Task requirements: Give back the exact lines of the material below from the one containing "Σκίτσο του Τάκη" through the one containing "PÄÄTYKAPPALE LEVYHYLLY MEKA P-40-200 KRA PG", and no pictures.

Input material:
::::::

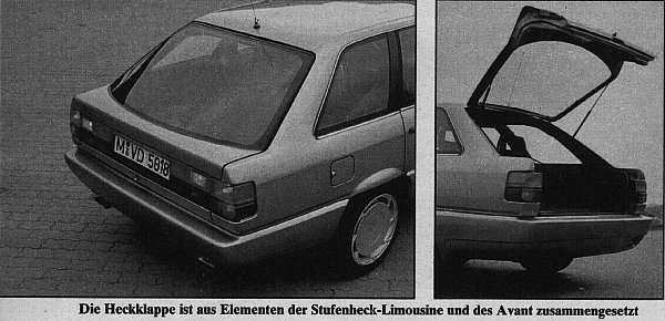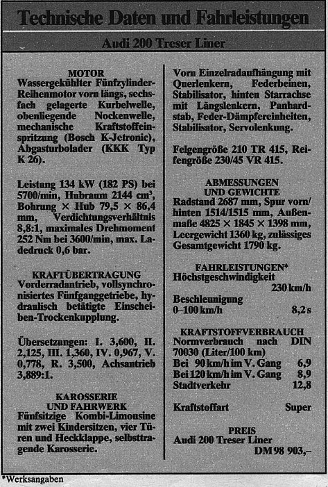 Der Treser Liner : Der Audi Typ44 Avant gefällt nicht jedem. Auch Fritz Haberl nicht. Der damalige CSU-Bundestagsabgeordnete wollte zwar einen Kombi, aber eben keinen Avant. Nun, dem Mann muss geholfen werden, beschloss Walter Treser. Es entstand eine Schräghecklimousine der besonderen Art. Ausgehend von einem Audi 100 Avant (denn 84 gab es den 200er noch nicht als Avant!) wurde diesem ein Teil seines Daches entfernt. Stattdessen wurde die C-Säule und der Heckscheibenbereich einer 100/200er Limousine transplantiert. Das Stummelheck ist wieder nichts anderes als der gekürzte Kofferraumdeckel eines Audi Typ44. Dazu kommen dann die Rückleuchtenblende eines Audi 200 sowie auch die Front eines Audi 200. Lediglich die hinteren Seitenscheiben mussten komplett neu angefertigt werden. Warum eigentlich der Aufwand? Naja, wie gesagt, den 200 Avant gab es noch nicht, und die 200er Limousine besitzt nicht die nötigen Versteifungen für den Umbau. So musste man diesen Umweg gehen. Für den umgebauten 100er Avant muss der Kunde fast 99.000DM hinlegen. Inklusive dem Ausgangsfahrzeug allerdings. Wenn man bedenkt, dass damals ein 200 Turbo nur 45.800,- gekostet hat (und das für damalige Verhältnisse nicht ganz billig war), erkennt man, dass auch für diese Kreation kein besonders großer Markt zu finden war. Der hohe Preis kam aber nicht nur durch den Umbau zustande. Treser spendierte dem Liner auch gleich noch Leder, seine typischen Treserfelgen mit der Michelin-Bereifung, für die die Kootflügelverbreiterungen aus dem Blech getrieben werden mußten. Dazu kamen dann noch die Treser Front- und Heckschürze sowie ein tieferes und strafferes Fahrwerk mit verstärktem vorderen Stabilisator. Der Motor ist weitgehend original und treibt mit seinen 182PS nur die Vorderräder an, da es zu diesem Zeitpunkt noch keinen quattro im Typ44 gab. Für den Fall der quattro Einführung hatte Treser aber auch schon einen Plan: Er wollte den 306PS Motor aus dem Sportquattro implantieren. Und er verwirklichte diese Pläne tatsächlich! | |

::::::

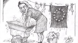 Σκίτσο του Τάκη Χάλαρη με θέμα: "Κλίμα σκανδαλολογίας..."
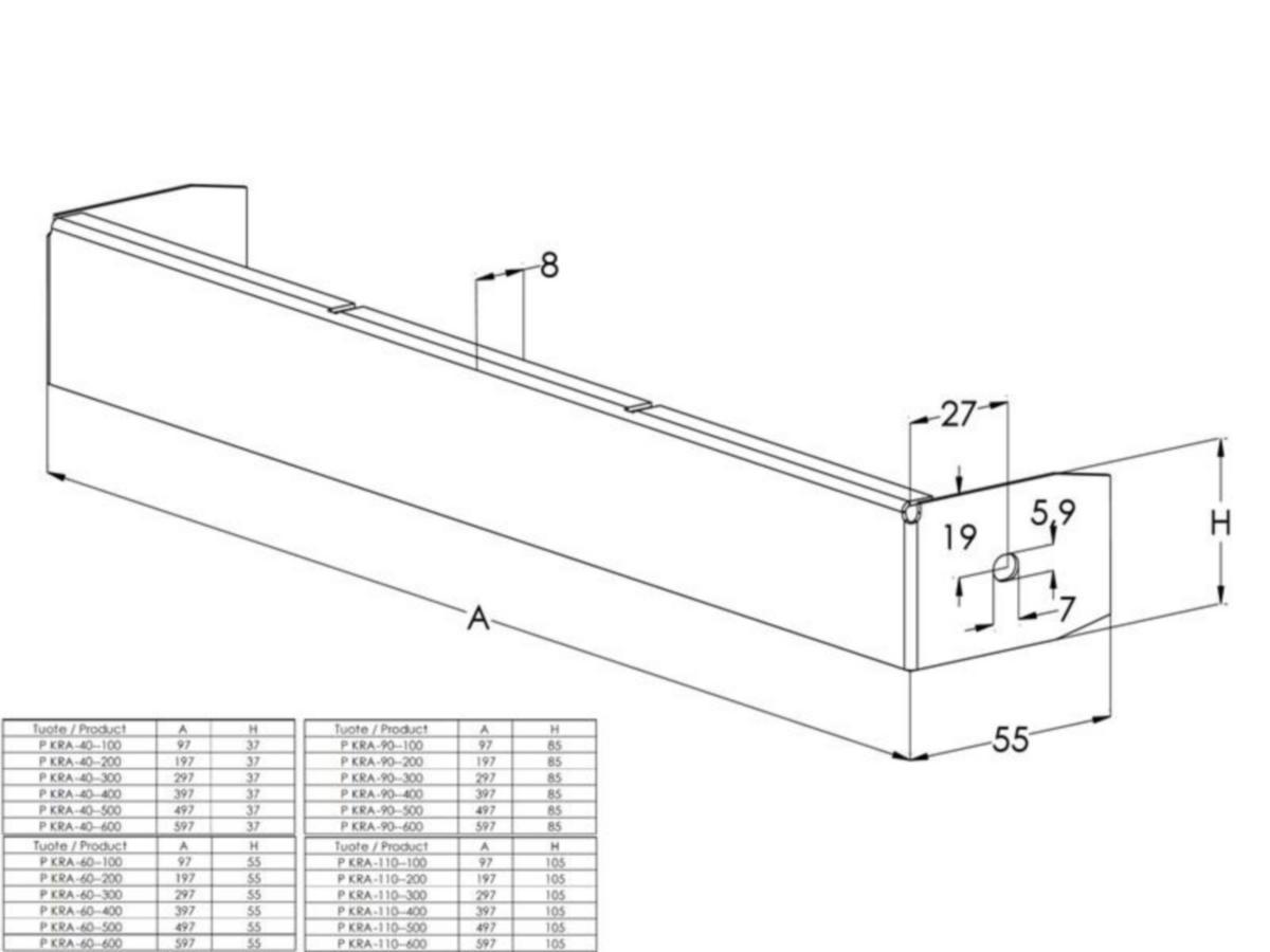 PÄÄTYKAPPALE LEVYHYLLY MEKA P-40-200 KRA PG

::::::

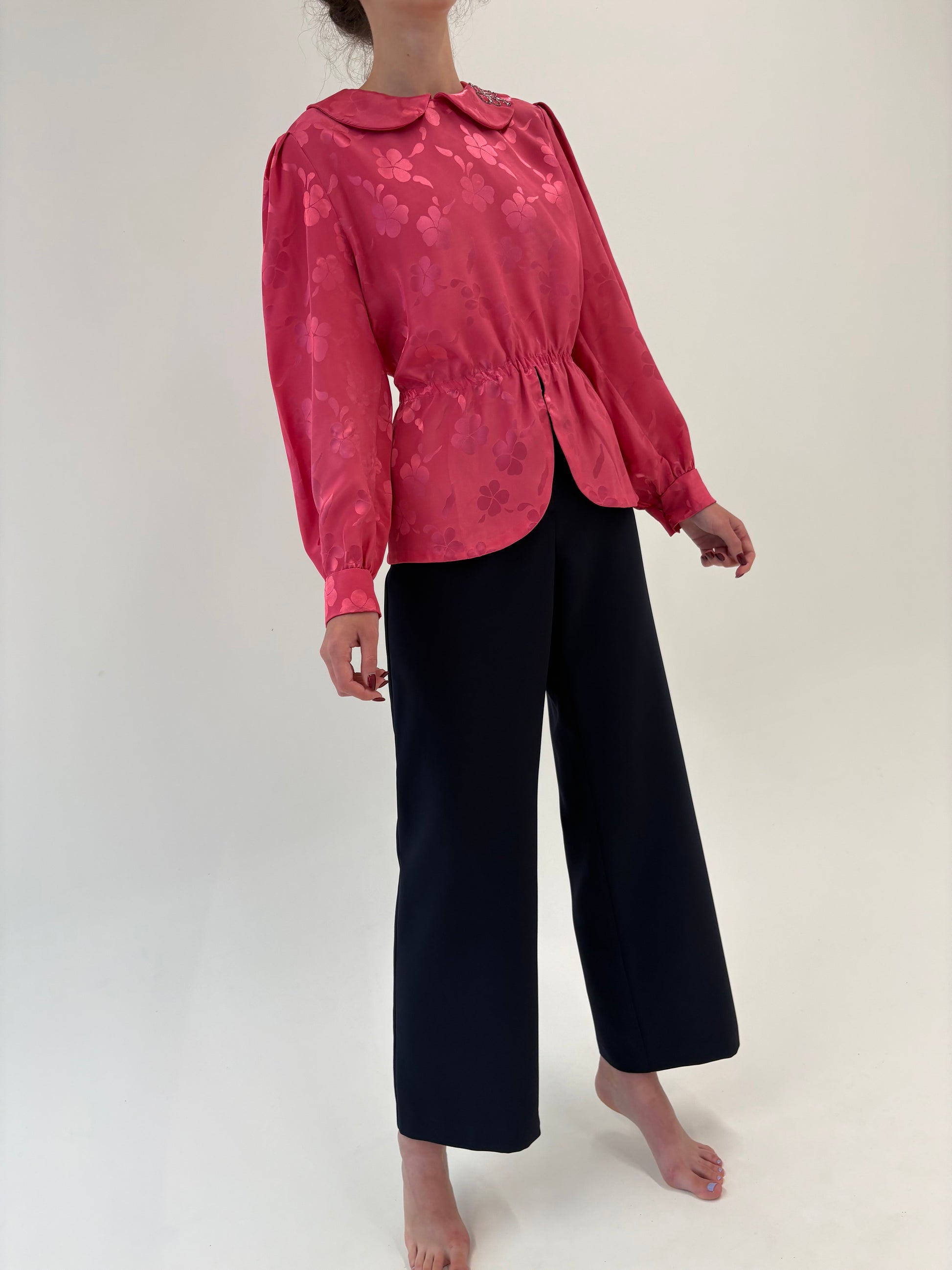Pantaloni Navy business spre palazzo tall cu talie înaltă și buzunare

::::::

Exercise response:
 Σκίτσο του Τάκη Χάλαρη με θέμα: "Κλίμα σκανδαλολογίας..."
 PÄÄTYKAPPALE LEVYHYLLY MEKA P-40-200 KRA PG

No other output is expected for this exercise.